Bathing Water Quality: Structure of the Published Linked Data

This document describes the structure of the UK Bathing Water Quality linked data that we produced for the Environment Agency.

As part of our work with data.gov.uk and the UK Location Programme we have been working to pilot the publication of both current and historic bathing water quality information as linked data.  This data is available through SPARQL endpoints at data.gov.uk and TSO's OpenUPLabs and through data dumps (samples, sites, compliance_history).

The data covers the period up to the end of the 2010 season.

The Domain

The UK has a number of areas, typically beaches, that are designated as bathing waters where people routinely enter the water.  The Environment Agency monitors and reports on the quality of the water at these bathing waters.

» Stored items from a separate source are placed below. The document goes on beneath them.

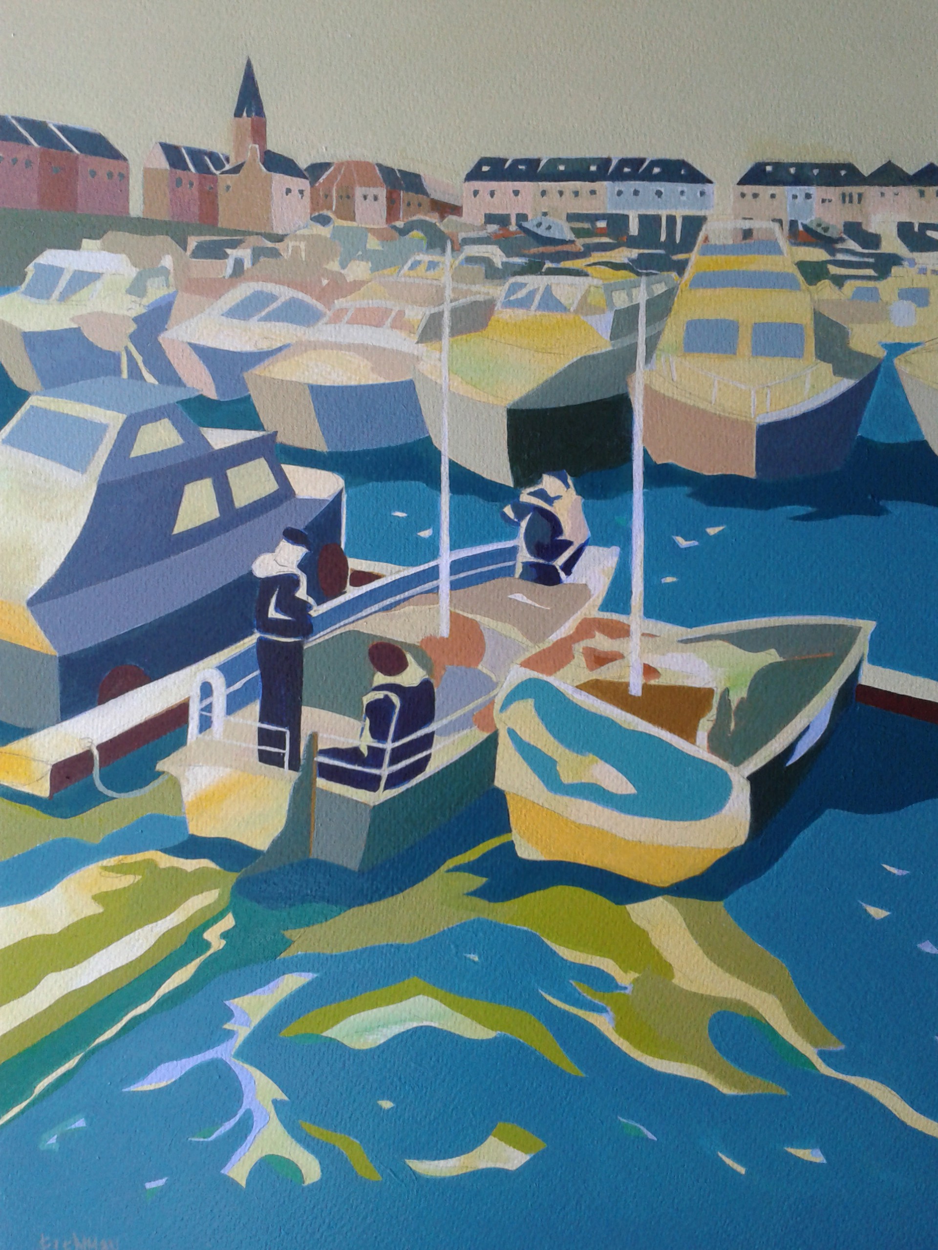 Playing around with colours and forms and interested in developing themes running around in my head; at the moment its how to effectively paint all the quirkiness of St Sampsons; so this is a work in progress.
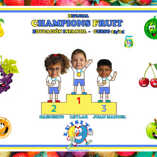 Champions Fruit es una actividad dentro del programa de SALUD del colegio y los "champions fruit" son los devoradores de fruta de nuestro cole. En cada curso, el tutor lleva la cuenta de cuanta fruta come cada alumno a lo largo del año, al finalizar se hace recuento y los campeones se llevan su diploma personalizado.
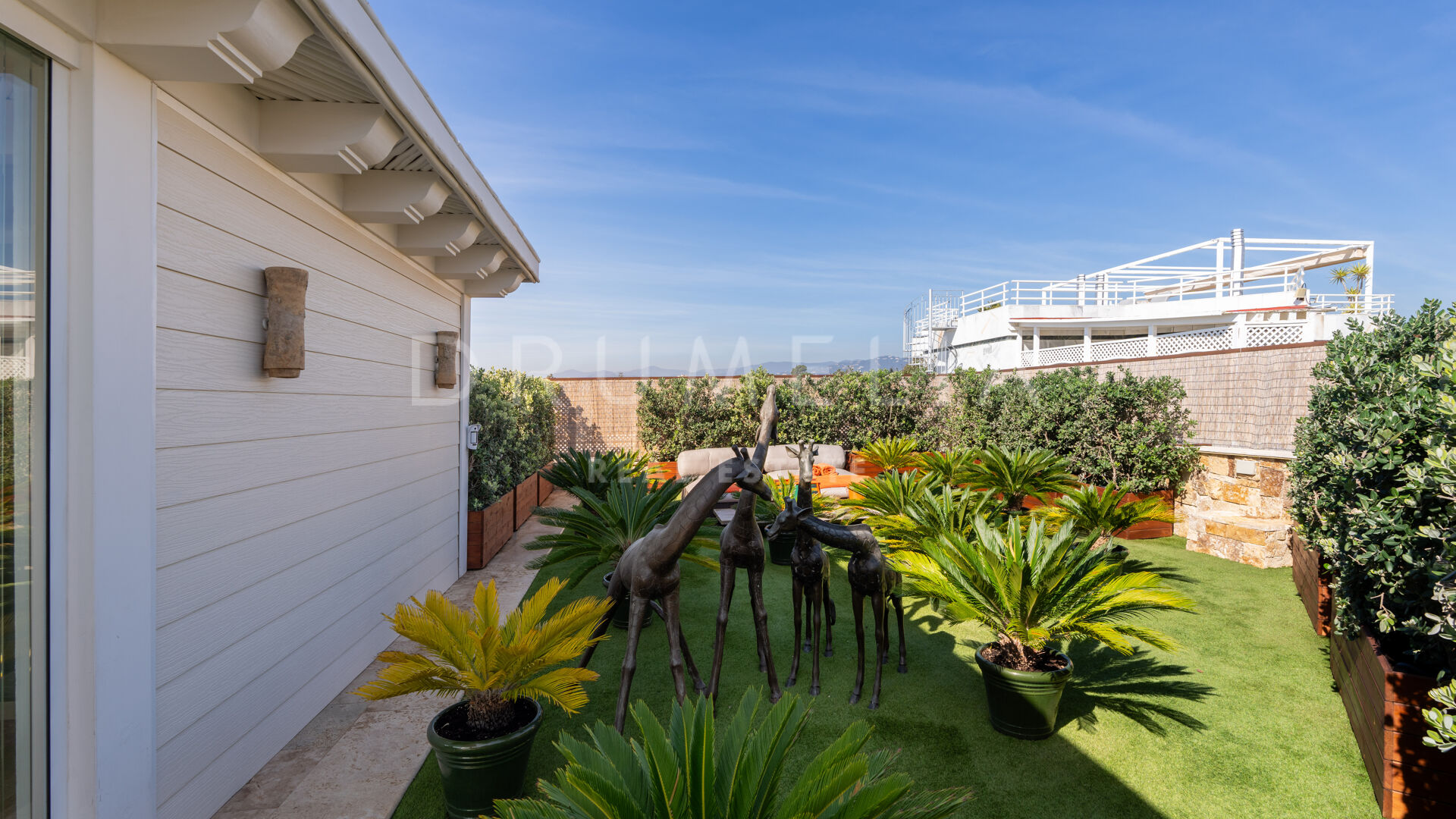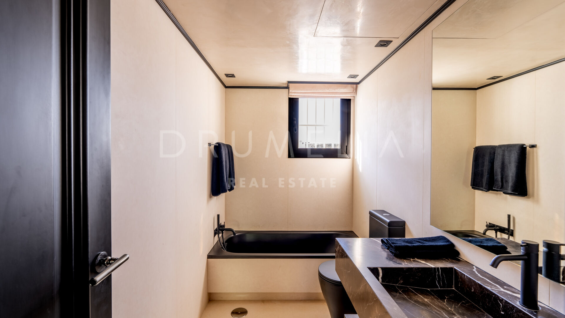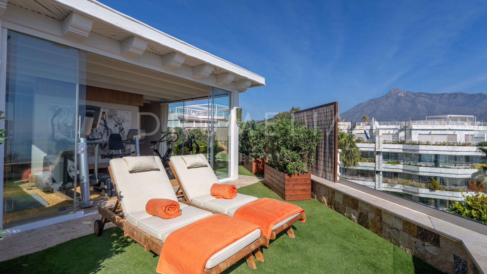 El ático cuenta con una cocina totalmente equipada con lavadero independiente, un salón-comedor que conduce a una increíble terraza adornada con una pérgola y exuberantes plantas, ideal para empaparse del estilo de vida mediterráneo y disfrutar de las impresionantes vistas al mar. Incluye tres dormitorios bien equipados con baños en-suite, y un amplio solarium diseñado como un jardín privado, que cuenta con un gimnasio privado con sauna y hammam. Esta propiedad tiene uso exclusivo de ático y bungalow de fitness 202m2 más solarium 227m2.
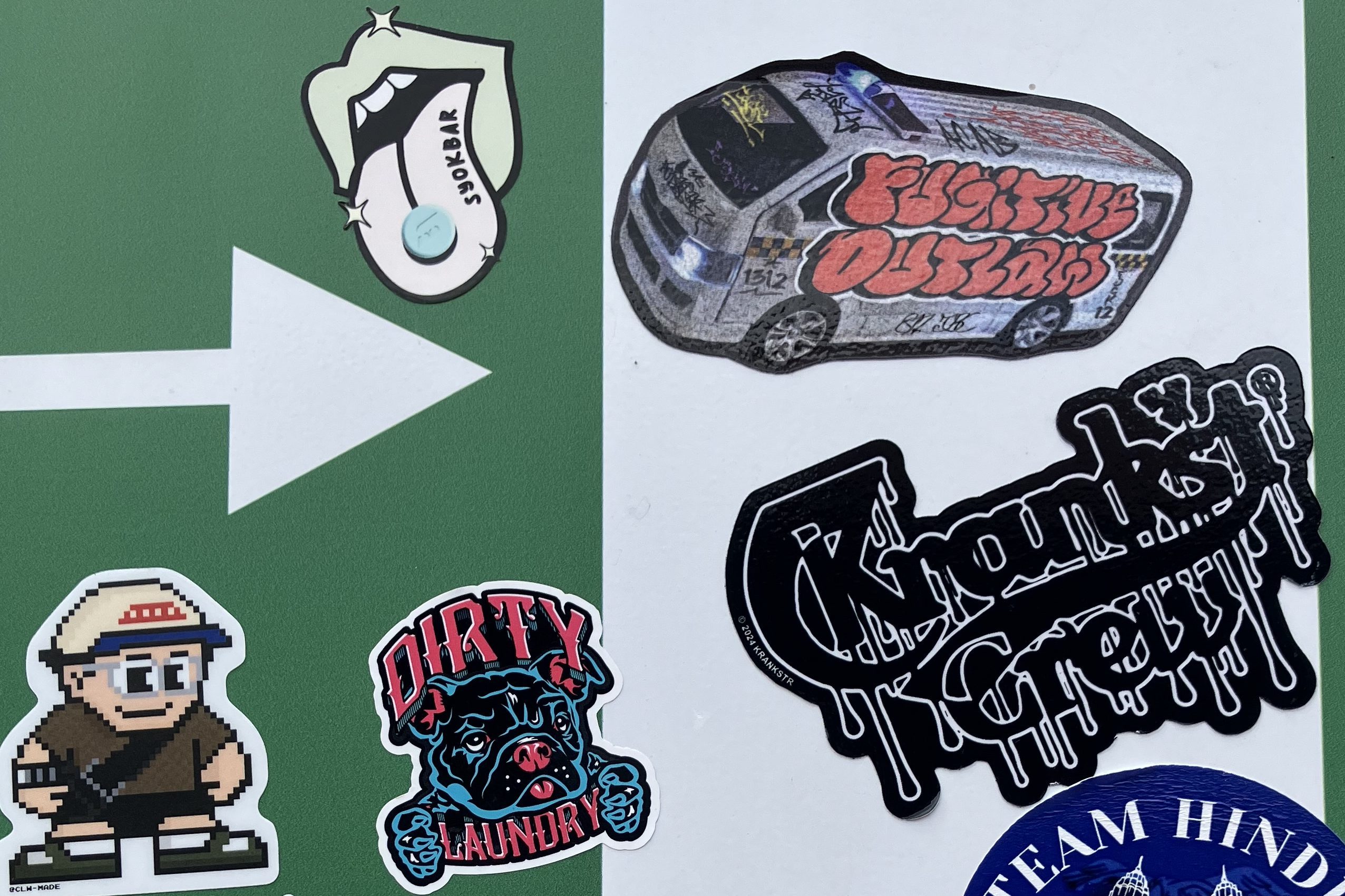 Early stickers were usually the artist’s tag on paper stickers or wheat-paste posters. Gradually, as more artists adopted the medium, sticker designs became more professional, unique and colourful.

For each bathing water there is a sampling point near which the water is sampled roughly once a week during the bathing season.  These samples are analysed and the water given a compliance classification of excellent, good or poor.

Data Structure

The data can be thought of as structured in 3 groups:

  • There is basic reference data describing the bathing waters and sampling points
  • There is a data set giving the rating for each bathing water for each year it has been monitored
  • There is a data set giving the detailed weekly sampling results for each bathing water

This data is represented in RDF data using the following namespaces and prefixes:

General Reference Data

Bathing Waters

Each bathing water is identified by two URIs fo the form:

  1. http://environment.data.gov.uk/id/bathing-water/{EU bathing water id}
  2. http://environment.data.gov.uk/id/bathing-water/{name}

The first of these has a last segment based on an EU bathing water identifier.  The second has a last segment based on the name of the bathing water.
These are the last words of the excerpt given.